Write out the records in full and without alteration, setting aside their pictures.

Stored dataset items:
------------------------

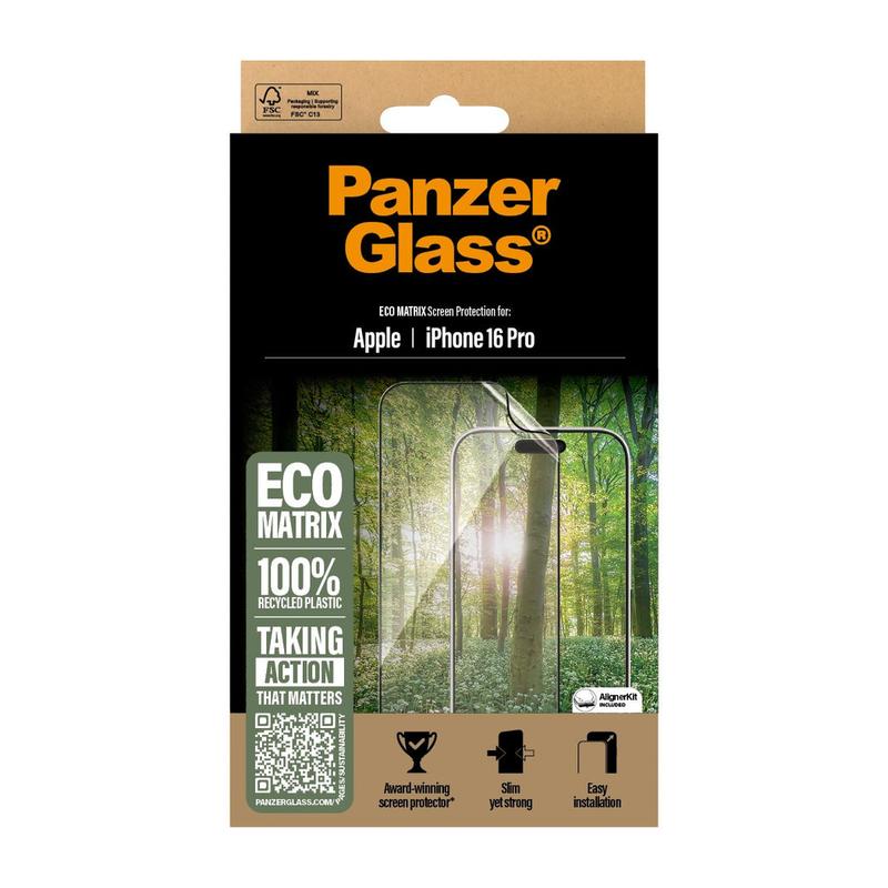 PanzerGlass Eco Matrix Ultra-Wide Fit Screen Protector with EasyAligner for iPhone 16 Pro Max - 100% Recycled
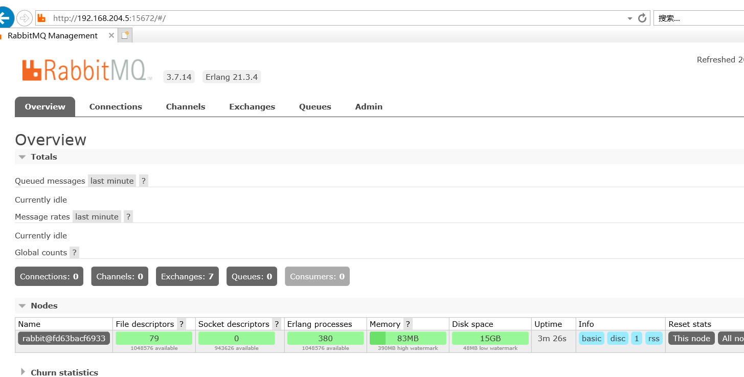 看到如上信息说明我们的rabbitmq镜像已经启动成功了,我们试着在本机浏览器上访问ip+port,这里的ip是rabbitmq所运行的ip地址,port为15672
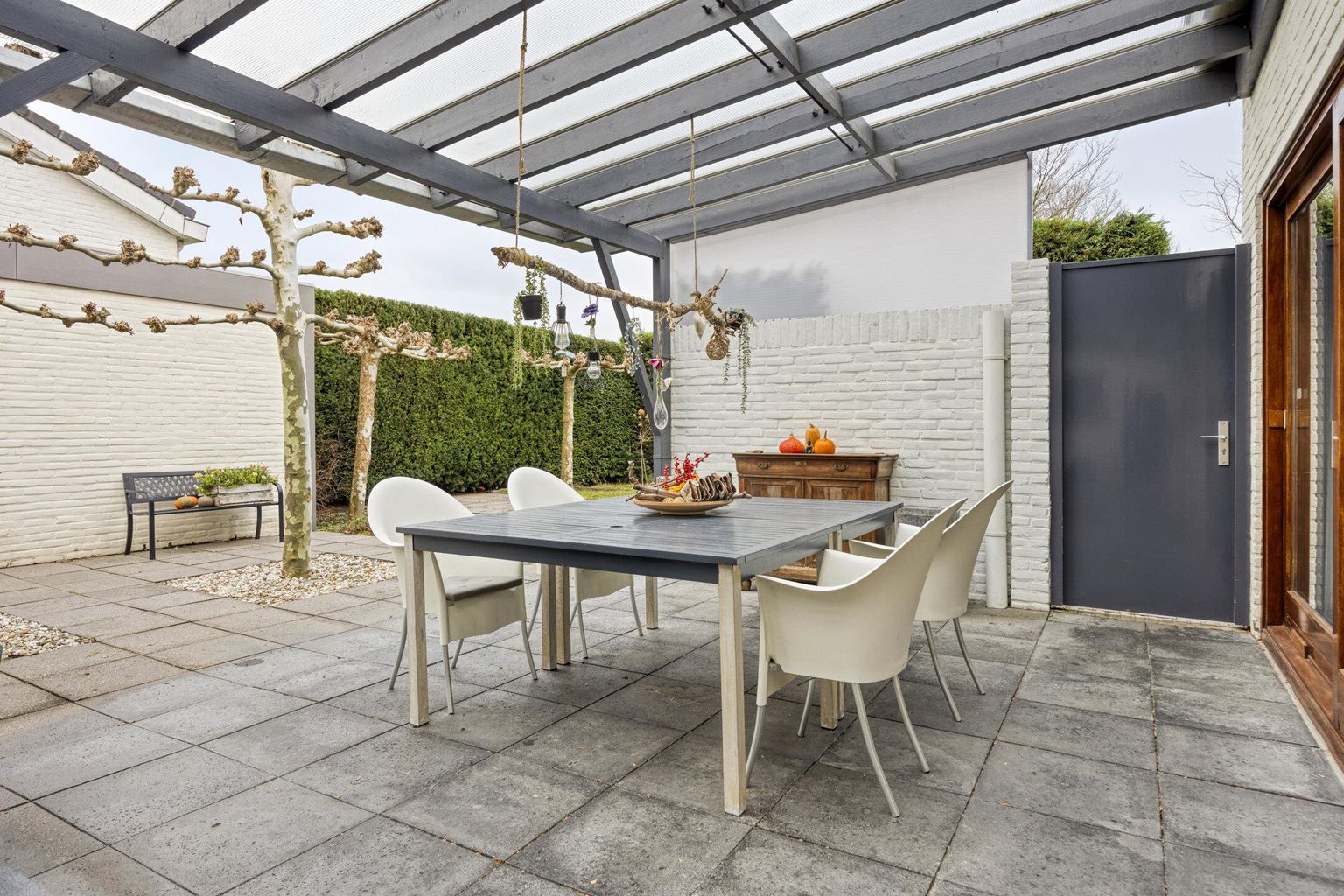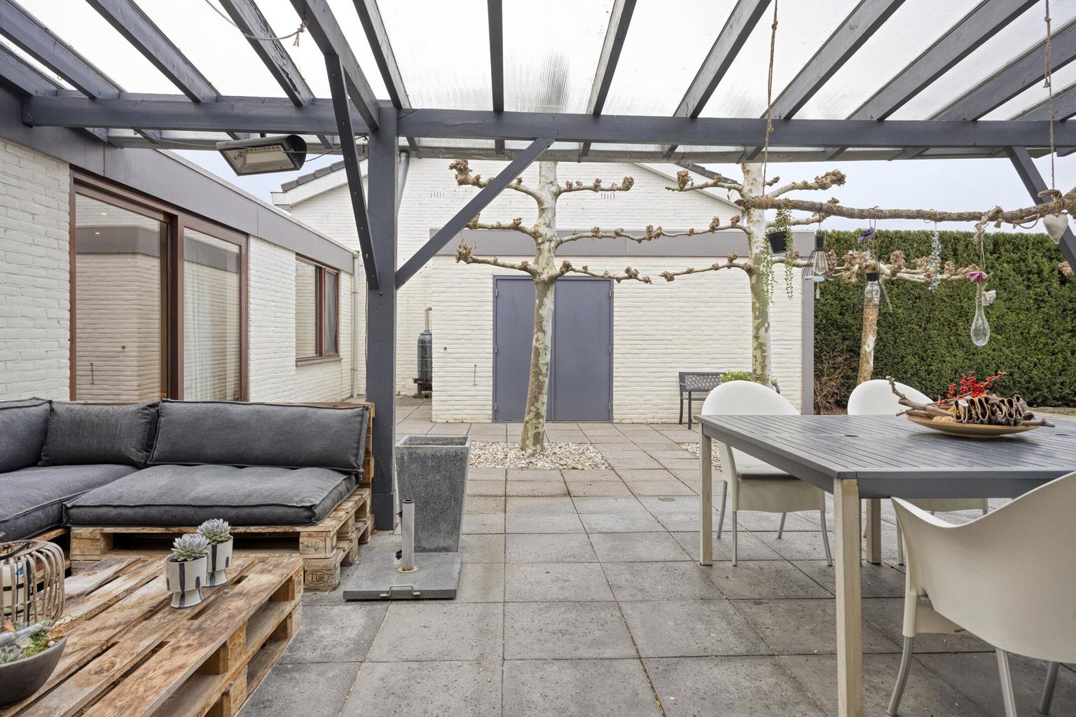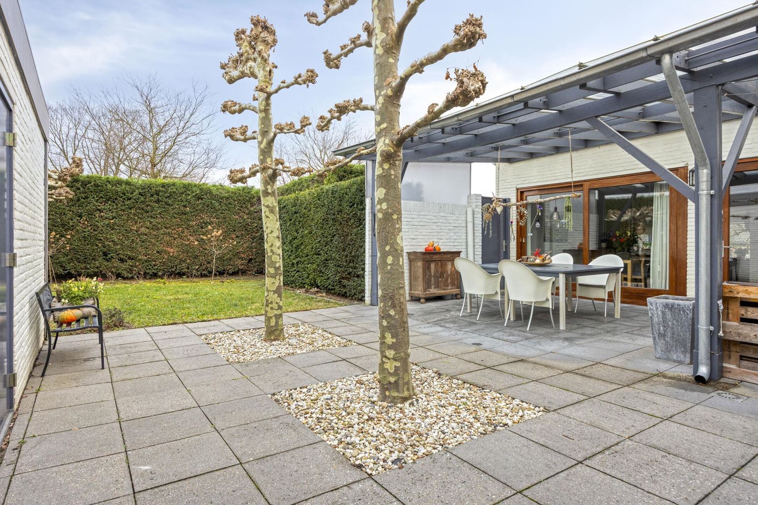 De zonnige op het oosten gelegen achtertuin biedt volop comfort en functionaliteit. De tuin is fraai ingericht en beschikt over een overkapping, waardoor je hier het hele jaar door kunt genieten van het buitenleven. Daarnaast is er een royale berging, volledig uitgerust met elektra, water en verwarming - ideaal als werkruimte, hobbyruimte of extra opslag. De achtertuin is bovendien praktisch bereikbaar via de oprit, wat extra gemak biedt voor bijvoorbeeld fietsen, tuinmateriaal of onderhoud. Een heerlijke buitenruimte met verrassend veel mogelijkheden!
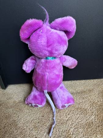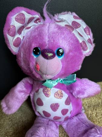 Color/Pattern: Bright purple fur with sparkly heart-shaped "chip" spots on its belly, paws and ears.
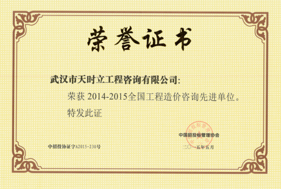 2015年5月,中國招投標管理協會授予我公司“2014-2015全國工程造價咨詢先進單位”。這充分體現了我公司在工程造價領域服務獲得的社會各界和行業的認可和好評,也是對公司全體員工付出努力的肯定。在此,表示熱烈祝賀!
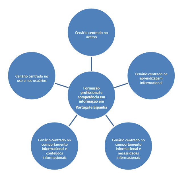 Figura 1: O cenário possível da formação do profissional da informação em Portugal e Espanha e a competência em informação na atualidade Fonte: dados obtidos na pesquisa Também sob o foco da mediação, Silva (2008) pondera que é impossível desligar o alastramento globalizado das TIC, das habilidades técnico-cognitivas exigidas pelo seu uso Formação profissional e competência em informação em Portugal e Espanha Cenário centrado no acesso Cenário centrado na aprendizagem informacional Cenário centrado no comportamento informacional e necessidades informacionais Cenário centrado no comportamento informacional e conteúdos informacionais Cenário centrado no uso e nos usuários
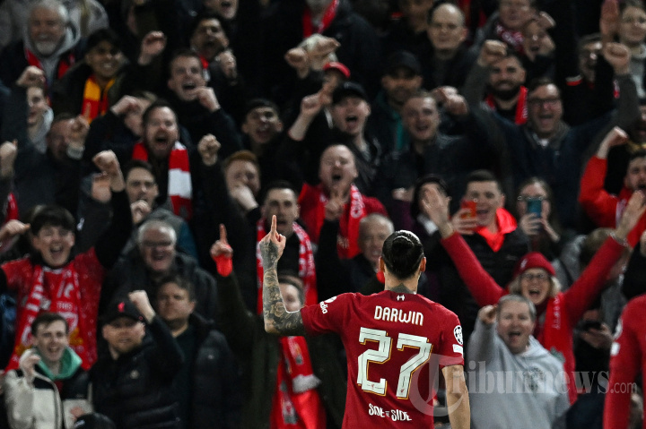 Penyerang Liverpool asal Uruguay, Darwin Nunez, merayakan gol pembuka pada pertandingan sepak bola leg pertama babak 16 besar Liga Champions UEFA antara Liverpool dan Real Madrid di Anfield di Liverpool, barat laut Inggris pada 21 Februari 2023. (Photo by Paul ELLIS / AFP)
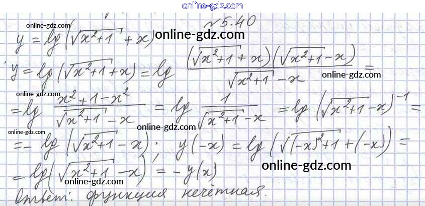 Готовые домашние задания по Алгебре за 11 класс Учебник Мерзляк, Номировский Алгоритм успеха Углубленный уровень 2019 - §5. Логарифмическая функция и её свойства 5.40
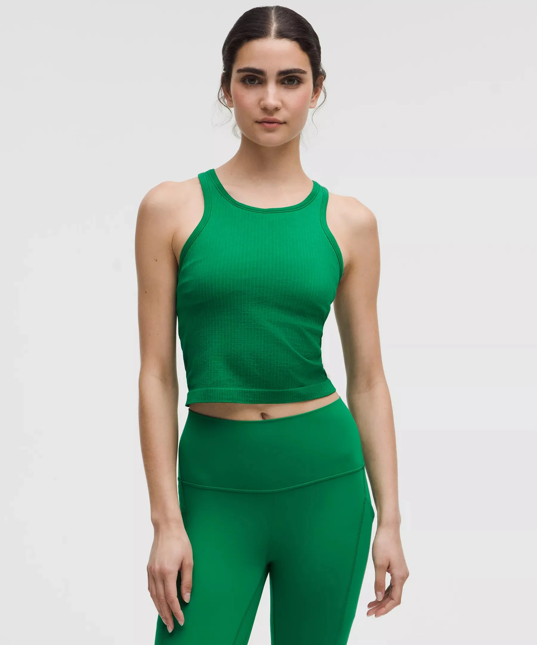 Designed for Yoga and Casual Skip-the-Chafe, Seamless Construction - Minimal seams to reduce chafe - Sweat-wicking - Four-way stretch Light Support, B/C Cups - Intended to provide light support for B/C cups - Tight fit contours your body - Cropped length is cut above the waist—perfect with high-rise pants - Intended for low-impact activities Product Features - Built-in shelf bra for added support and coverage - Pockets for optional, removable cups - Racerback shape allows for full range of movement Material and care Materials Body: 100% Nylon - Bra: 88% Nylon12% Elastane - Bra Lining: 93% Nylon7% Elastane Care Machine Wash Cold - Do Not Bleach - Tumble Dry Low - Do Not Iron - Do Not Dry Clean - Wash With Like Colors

------------------------

# [Output of the task]
 PanzerGlass Eco Matrix Ultra-Wide Fit Screen Protector with EasyAligner for iPhone 16 Pro Max - 100% Recycled
 看到如上信息说明我们的rabbitmq镜像已经启动成功了,我们试着在本机浏览器上访问ip+port,这里的ip是rabbitmq所运行的ip地址,port为15672
 De zonnige op het oosten gelegen achtertuin biedt volop comfort en functionaliteit. De tuin is fraai ingericht en beschikt over een overkapping, waardoor je hier het hele jaar door kunt genieten van het buitenleven. Daarnaast is er een royale berging, volledig uitgerust met elektra, water en verwarming - ideaal als werkruimte, hobbyruimte of extra opslag. De achtertuin is bovendien praktisch bereikbaar via de oprit, wat extra gemak biedt voor bijvoorbeeld fietsen, tuinmateriaal of onderhoud. Een heerlijke buitenruimte met verrassend veel mogelijkheden!
 Color/Pattern: Bright purple fur with sparkly heart-shaped "chip" spots on its belly, paws and ears.
 2015年5月,中國招投標管理協會授予我公司“2014-2015全國工程造價咨詢先進單位”。這充分體現了我公司在工程造價領域服務獲得的社會各界和行業的認可和好評,也是對公司全體員工付出努力的肯定。在此,表示熱烈祝賀!
 Figura 1: O cenário possível da formação do profissional da informação em Portugal e Espanha e a competência em informação na atualidade Fonte: dados obtidos na pesquisa Também sob o foco da mediação, Silva (2008) pondera que é impossível desligar o alastramento globalizado das TIC, das habilidades técnico-cognitivas exigidas pelo seu uso Formação profissional e competência em informação em Portugal e Espanha Cenário centrado no acesso Cenário centrado na aprendizagem informacional Cenário centrado no comportamento informacional e necessidades informacionais Cenário centrado no comportamento informacional e conteúdos informacionais Cenário centrado no uso e nos usuários
 Penyerang Liverpool asal Uruguay, Darwin Nunez, merayakan gol pembuka pada pertandingan sepak bola leg pertama babak 16 besar Liga Champions UEFA antara Liverpool dan Real Madrid di Anfield di Liverpool, barat laut Inggris pada 21 Februari 2023. (Photo by Paul ELLIS / AFP)
 Готовые домашние задания по Алгебре за 11 класс Учебник Мерзляк, Номировский Алгоритм успеха Углубленный уровень 2019 - §5. Логарифмическая функция и её свойства 5.40
 Designed for Yoga and Casual Skip-the-Chafe, Seamless Construction - Minimal seams to reduce chafe - Sweat-wicking - Four-way stretch Light Support, B/C Cups - Intended to provide light support for B/C cups - Tight fit contours your body - Cropped length is cut above the waist—perfect with high-rise pants - Intended for low-impact activities Product Features - Built-in shelf bra for added support and coverage - Pockets for optional, removable cups - Racerback shape allows for full range of movement Material and care Materials Body: 100% Nylon - Bra: 88% Nylon12% Elastane - Bra Lining: 93% Nylon7% Elastane Care Machine Wash Cold - Do Not Bleach - Tumble Dry Low - Do Not Iron - Do Not Dry Clean - Wash With Like Colors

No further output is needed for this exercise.